Context
NovaFlow provides an API that summarizes support tickets and drafts replies using a third-party LLM provider. The product team needs a rate-limiting and admission-control service in front of the provider to prevent quota overruns, control spend, and degrade gracefully during provider incidents.
Constraints
- Peak traffic: 1,200 requests/second, average 250 requests/second
- p95 added latency from the rate-limiting layer: under 40ms
- Monthly LLM spend ceiling: $180K
- Hard provider quotas: 25K requests/minute and 18M input tokens/minute across all tenants
- Hallucination ceiling: under 2% on a golden set for requests that are admitted and answered
- Must resist prompt injection attempts that try to bypass policy or force expensive tool/model paths
- Must support tenant-level fairness: no single enterprise customer can consume more than 20% of minute-level capacity during contention
Available Resources
- Per-request metadata before the LLM call: tenant_id, user_id, endpoint, prompt template version, estimated input tokens, priority tier, and safety classifier score
- Historical logs with actual token usage, latency, cache hit rate, model chosen, and user feedback
- Two provider models: a cheaper fast model and a slower higher-quality model
- Redis, Kafka, Postgres, and a feature flag system are available
Task
- Design a rate-limiting and budget-enforcement service for LLM API calls, including request-level token estimation, tenant fairness, retries, and fallback behavior.

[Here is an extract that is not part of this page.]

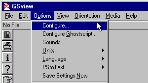 Instalando GhostScript & GSview en MS-WindowsLa instalación de GS y GV en Windows95/98 es realmente simple. Únicamente ha de copiar el archivo GS.ZIP que ocupa poco menos de 3 MB a la unidad C: de su disco duro y descomprimir su contenido con el WinZip o programas similares en la carpeta C:\GSTOOLS. Con el Explorador de Windows ejecute el programa gsview.exe de la carpeta C:\GSTOOLS\GSVIEW y ya tendrá casi listo su programa visor de PostScript.Para instalar estos programas en otro destino diferente, simplemente
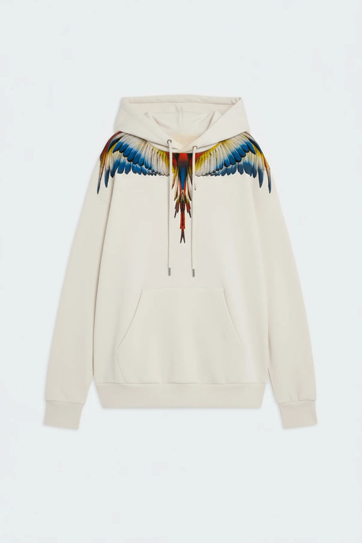 Felpa con cappuccio in cotone dal fit morbido, caratterizzata dall’iconica stampa “ali COUNTY OF MILAN” in tonalità verdi a contrasto. Dotata di cappuccio regolabile con coulisse, tasca a marsupio e finiture a costine su polsini e fondo. Etichetta 3D applicata sul fianco.

- Define how you would evaluate the system offline and online before launch, including cost control, latency, admission accuracy, and quality impact from throttling or model downgrades.
- Propose the prompting and policy layer that prevents user prompts or retrieved content from overriding routing, budget, or safety rules.
- Estimate cost and latency under peak load, and explain how the system behaves during provider quota exhaustion or partial outages.
- Identify failure modes, monitoring, and mitigations for hallucination, prompt injection, token-estimation errors, and unfair capacity allocation.